A seemingly unambitious example which used JavaScript to perform addition might look like:
jadd: js-native [a [integer!] b [integer!]] {
    var a = reb.UnboxInteger("a");
    var b = reb.UnboxInteger("b");
    return reb.Integer(a + b);
}

This was the initial concept for how JavaScript natives would be able to access arguments...just by name. It means you could have just as easily written:

jadd: js-native [a [integer!] b [integer!]] {
    var sum = reb.UnboxInteger("a + b");
    return reb.Integer(sum);
}

(That would be a bit of a waste for why you didn't do anything with the JavaScript, but, point is that there's nothing special about arguments...they're visible to code execution.)

Binding didn't really offer any answers for how to do this. So we ended up with the ugly reb.Arg() and reb.ArgR() functions.
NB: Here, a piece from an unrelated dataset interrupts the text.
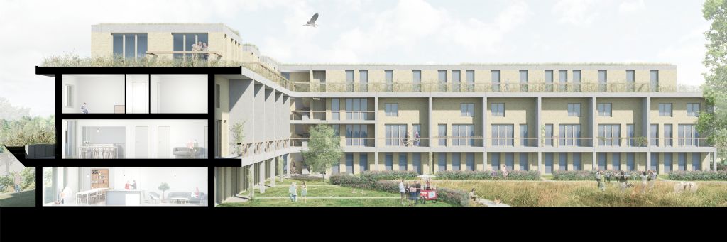Ons project dat voorziet in 34 woningen in een Community Land Trust in de wijk Meulestede in Gent. Los van het onconventionele financiële model waarbij men de grond niet overneemt als eigenaar, is het project zo opgebouwd dat het binnen een onconventionele schakeling – met tal van voordelen - van woningen toch conventioneel wonen toelaat. Het ontwerp is net als ons project voor de Bogerse Velden in Lier een oefening geweest in hoe we met ons project meerwaarde kunnen genereren voor de omgeving. Geen enkele ontwerpbeslissing is hierbij lukraak.

It was a compromise that had to be made because binding was weak.

The problems have gotten even bigger now...as the JS-NATIVEs are being declared in modules. Those modules will presumably want to have visibility of plain FUNCs that you declare in that same module (or that you import) to call.
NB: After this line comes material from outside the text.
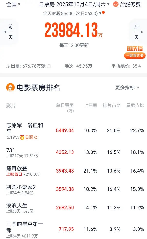 陳凱歌導演的《志愿軍:浴血和平》穩居日榜第一,上映第五天單日票房5449萬(wàn)元,累計票房3.19億元,預計最終票房可能到7億元。

On both points, we should not compromise. So I've worked up a prototype that does both.

So hopefully it means the end of reb.ArgR() and reb.Arg() are coming soon!

I think that will also solidify the case for eliminating the Q() forms of the APIs (like reb.ValueQ(), reb.DidQ()).

hostilefork · October 27, 2021, 7:17am

hostilefork:

What I have in mind for both C user natives and JavaScript natives is not to try and give the generated JavaScript function any actual arguments. So back to the example:
jadd: js-native [a [integer!] b [integer!]] {
    var a = reb.Unbox("a");
    var b = reb.Unbox("b");
    return a + b;
}

This ideal concept has been tried in various forms, with a problem that if you use the native for context you run up against problems that if it calls service routines, there's no way for the system to know that such calls have occurred. This means your "a" and "b" resolution won't just be from within the JS-NATIVE body, but also any other JavaScript service function that uses the API you call.

So reb.Arg() and reb.ArgR() have stuck around as a somewhat ugly solution.

jadd: js-native [a [integer!] b [integer!]] {
    var a = reb.Unbox(reb.ArgR("a"));  // arg with auto-Release
    var b = reb.Unbox(reb.ArgR("b"));
    return a + b;
}

There's no particular safety in them, in the sense that you could call reb.ArgR() from inside a service routine too, and it wouldn't know the difference. But it's fairly visible when you're doing it.